CAPE TOWN – Landlord Octodec, which focuses on properties in the Johannesburg and Tshwane city centres, has almost tripled its distribution for its year to end-August, buoyed by reduced finance costs and resilience in demand residential and retail space.
Distributable income rose 30 per cent to R466.1 million to end-August, Octodec reported yesterday, with the landlord upping its dividend 160 per cent to 130c per share, representing about a R346 million payout.
Invests
JSE-listed Octodec is a real estate investment trust (REIT) that invests in the residential, retail, shopping centre, office, industrial property and specialised sectors. Octodec’s portfolio comprises 246 properties located in the metropolitan areas of Tshwane and Johannesburg, is valued at R11 billion.

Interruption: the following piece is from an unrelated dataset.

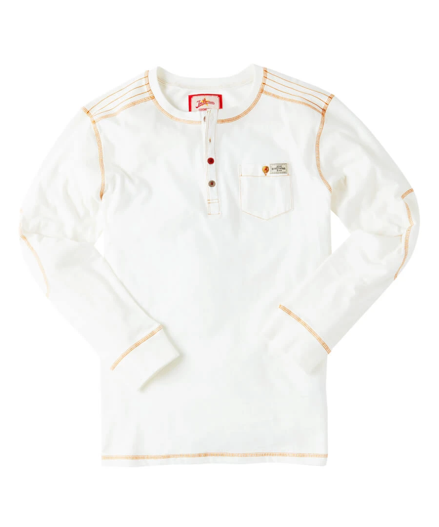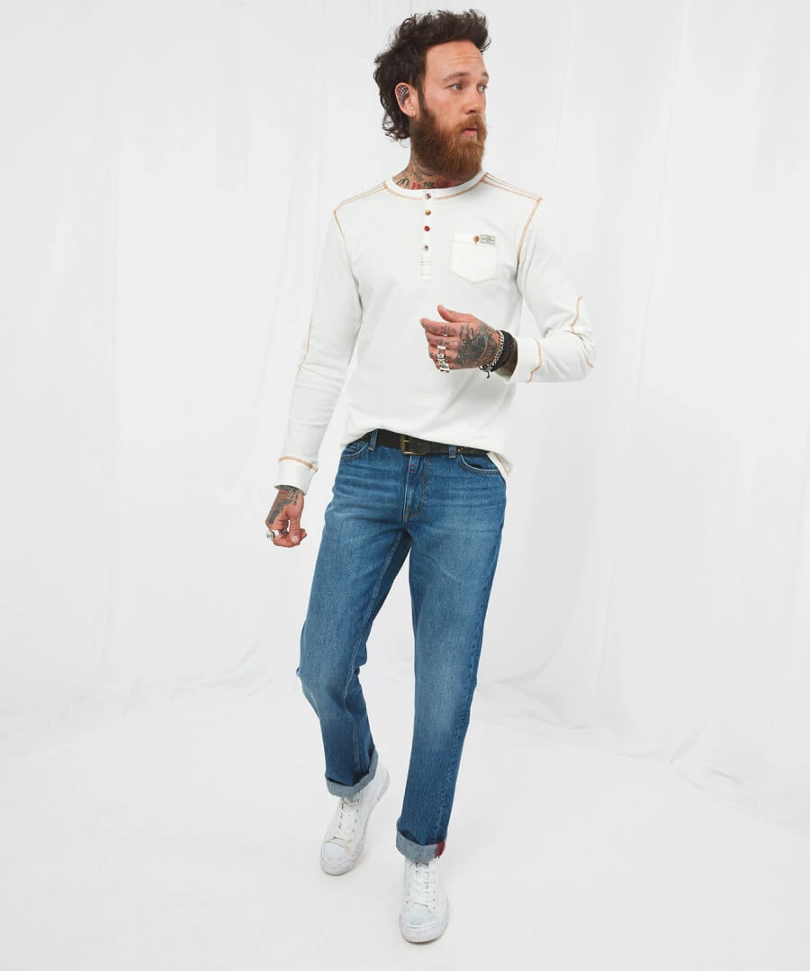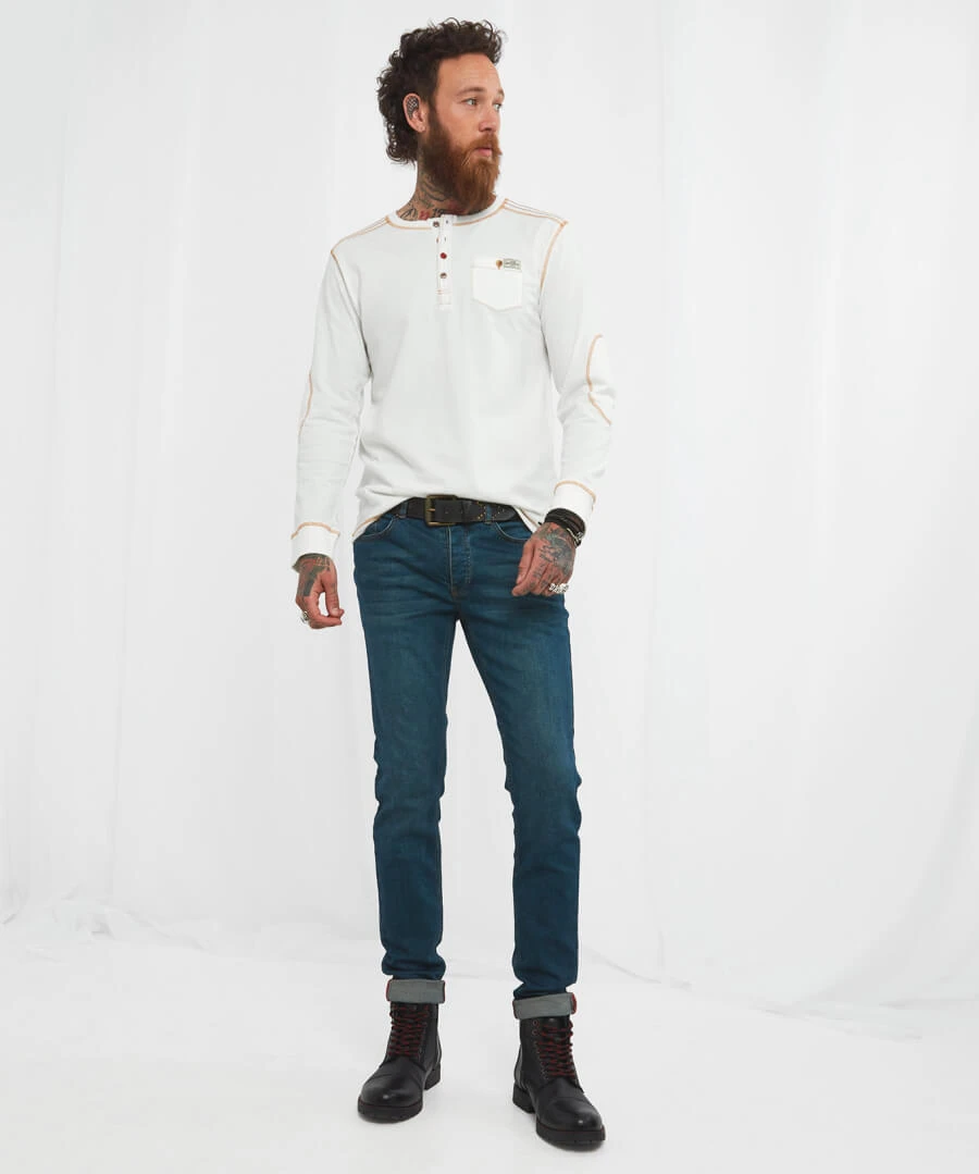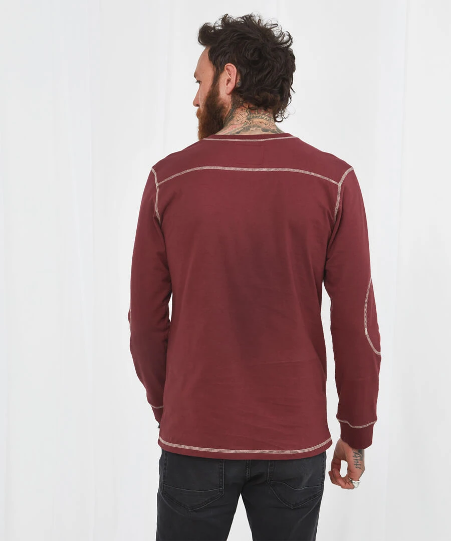 This stylish long sleeve Henley top is inspired by the design of biker leathers. The level of detail in this Henley top shows our dedication to creating staple clothing styles with a difference. Elbow patches, contrast stitching and mixed buttons combine to create something simple yet remarkable.
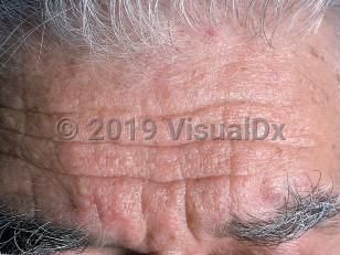 A trichodiscoma is a rare, benign follicular hamartoma that presents as an asymptomatic 2- to 4-mm skin-colored papule on the face, scalp, or upper trunk. The exact incidence of trichodiscoma is unknown, and no sex predilection has been identified. Multiple trichodiscomas may be inherited as part of the autosomal dominant Birt-Hogg-Dubé syndrome (BHD), caused by a mutation in the FCLN gene on chromosome 17. This gene is responsible for encoding a tumor suppressor protein called folliculin.

Residential income accounts for just under a third of the firm’s revenue, and retail just under a quarter.
Renewals
Although there has been a continued downward resetting of rentals across most sectors, from an Octodec perspective, several renewals are being concluded at increased rentals and demand for space in both Johannesburg and Tshwane CBDs remains strong, it said yesterday.
The group had also refinanced its debt, which amid disposals fell 10 per cent to a net R4.34 billion, while the group also reported ‘pleasing’ residential income growth of 7.6 per cent, which followed a return of students to universities, as well as a pick up of activity at OR Tambo airport.
The firm has also been bulking up its value-proposition through initiatives such as furnished offerings, and free wifi.
“There is a clear demand for affordable, quality accommodation in both the Tshwane and Johannesburg CBDs,” said MD Jeffrey Wapnick in a statement.
“Due to the success of our value-enhancing initiatives, we have seen an impressive 33 per cent increase in leasing enquiries.”
“Our CBD assets are well located in convenient locations with high foot traffic,” said Wapnick.